3. Easter basket soccer
This is a good way to help students perfect their coordination
and teamwork. Each team needs a balloon as their egg, and a hula
hoop for the basket. Place the hula hoop in the middle of the
floor, and have students stand back on either side of it. The
goal is to get the "egg" into the "basket" without popping it
by passing it back and forth. Teachers can make up variations,
such as saying no hands or bouncing on the floor.
4. Easter egg math hunt
You can use the traditional Easter egg hunt as a way to review
math skills. You will need several sets of plastic eggs in different
colors. Label eggs with group numbers, or designate one color
for each group (allowing students to complete the same number
of problems). In each set of eggs, put a math problem (one math
problem for each egg, but repeated for each set so that all students
do the same problem). Hide the eggs throughout the classroom or
schoolyard. Divide students into group, have them find all the
eggs, and solve the problems found inside. The first team to find
all the eggs and answer the problems correctly wins.
5. Egg hunting by the map
Hide eggs around the classroom or schoolyard, giving each student a map and
directions to follow (walk 3 steps north, 2 steps east, etc.)
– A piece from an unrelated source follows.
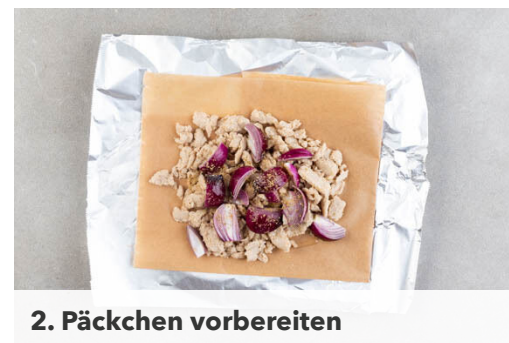
2. Päckchen vorbereiten

Den Perlencouscous und die Datteln in das kochende Wasser rühren und abgedeckt bei mittlerer Hitze 8-10Min. sanft köcheln lassen, bis das Wasser aufgesaugt und der Perlencouscous gar ist. In der letzten Minute der Garzeit die ½ des Spinats unterheben, dann mit 2EL Olivenöl und je 1 kräftigen Prise Salz und Pfeffer würzen. Tipp: Der Spinat muss nicht ganz zusammenfallen.

to find their eggs. For an additional challenge, older students
can hide the eggs and draw up maps and directions for other teams
6. Egg shell mosaics
Older students can learn the history behind mosaics before starting
this project, while younger students will just get messy. You
will need multiple egg shells that have been washed, broken into
large pieces, and dyed. Give students a picture to fill in by
gluing pieces of egg shell to the paper.
7. What came first, people or the egg?
You can use egg shells to create your own village. Have students
decorate empty egg shells with faces to represent people. Fill
the eggshells with potting soil and grass seeds. Eggs can be placed
back into cartons while growing. Students can do things like measure
the amount of water their grass gets, or how much "hair" their
8. Easter around the world
While many cultures celebrate an Easter or spring holiday, the
actual customs can vary greatly. Assign students a different culture
or country to research to see what their version of Easter is,
and have them create presentations to share with the class.
9. What is in an egg?
Eggs are used in so many items and served countless ways. Have
students take a look at the history of an egg and its different
uses. How many recipes could not be made without eggs? Compare
and contrast egg types and sizes - for instance, the ostrich egg
and the hummingbird egg. Older students can take a look at the
growth of chickens from fertilization to hatching.
10. White House Egg Roll
The White House egg roll has been a long standing tradition.
Student can watch live footage of the current year's egg roll,
and research how this wacky tradition got started.
With the arrival of spring and Easter, there are numerous themes
that you can apply to the classroom. Use a little creativity and
fun, and students can learn more!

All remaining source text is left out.